Whilst not all children are immuno-compromised, like Bianca, you might not actually know if a child is or not and you might not know what other things a particular child is dealing with that could put them at higher risk. You also won't know if a child is fully immunised against these diseases or not, and so by the time symptoms appear for a particular child, it is often too late and many others would have potentially been exposed, because these illnesses spread before symptoms appear.
And what if for instance your child is exposed to say rubella because a friend or a sibling got it and you know that there is a chance your child might get it because they were not immunised against it, if your child gets it, your child will usually be infectious before actual symptoms start. Don't you think it would be fair to at least notify the centre of the exposure and possible development of the illness in case your child spreads the disease to somebody who is pregnant (and certainly you won't always know if somebody is pregnant or not)? Don't you think it would be fair to at least give this person the chance to possibly stay away until the risk is mostly over?
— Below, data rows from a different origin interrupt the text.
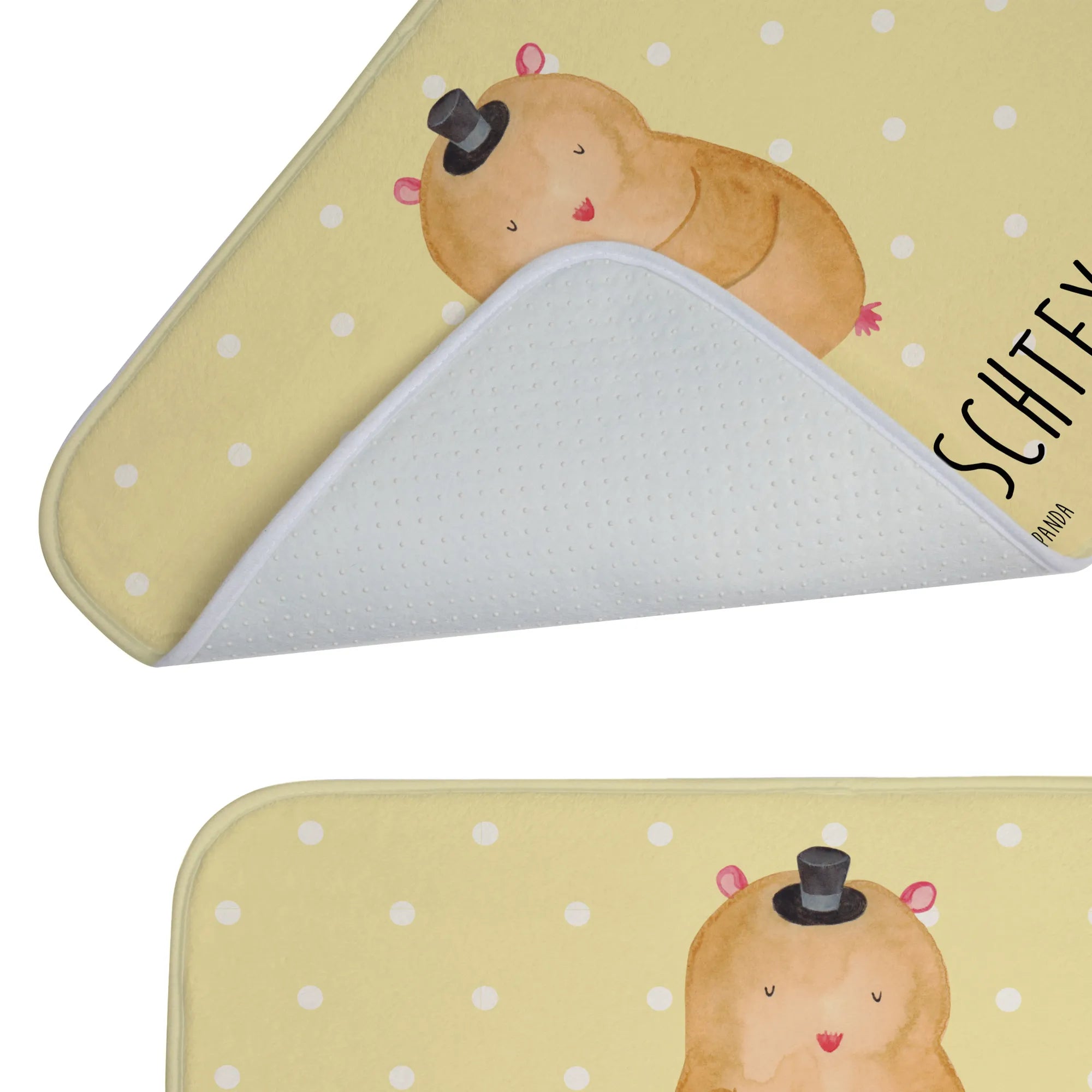 Entdecke die zauberhafte Welt der personalisierten Badvorleger von Mr. & Mrs. Panda! Unser Badvorleger mit dem niedlichen Motiv "Hamster mit Hut" ist der perfekte Hingucker für dein Badezimmer. Er bringt nicht nur Farbe und gute Laune in deine vier Wände, sondern sorgt auch für unverwechselbaren Komfort. Die Vorderseite des Badvorlegers ist aus flauschigem Premium Polyester gefertigt, was für ein tolles Laufgefühl beim Betreten der Dusche oder Badewanne sorgt. Dank der Anti-Rutsch Gummibeschichtung kannst du sicher sein, dass du beim Aussteigen nicht ins Rutschen gerätst.
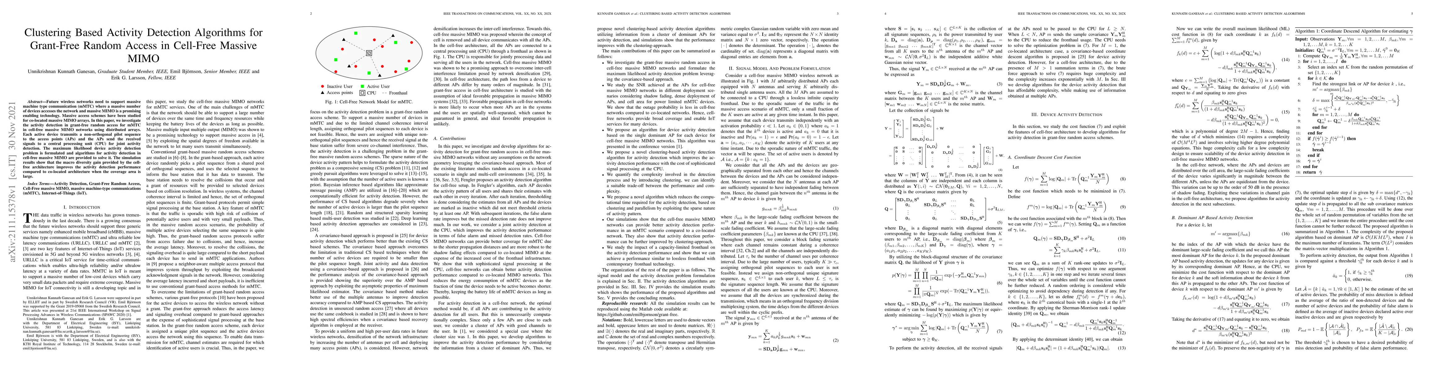This paper proposes clustering-based activity detection algorithms for grant-free random access in cell-free massive MIMO networks, leveraging the macro-diversity gain to enhance performance over large coverage areas compared to co-located architectures. Simulation results demonstrate improved detection efficiency through the distributed array setup.
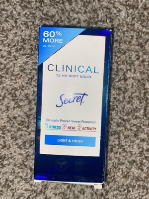 [This review was collected as part of a promotion.] high demand, highly recommended secret clinical light an fresh smells so good an it actually works, i have bought more

In many of these cases, the quicker you can do something to try and prevent it, the more successful it will be and the longer you leave it or if you just sit and wait for symptoms, the more serious it can be. And let's be honest, measles for instance is way way more serious and aggressive than chickenpox - could you honestly say that you know for a fact that all children at your centre received their MMR vaccinations? Whilst it is safe to assume most did, it is also fair to say that some may not have.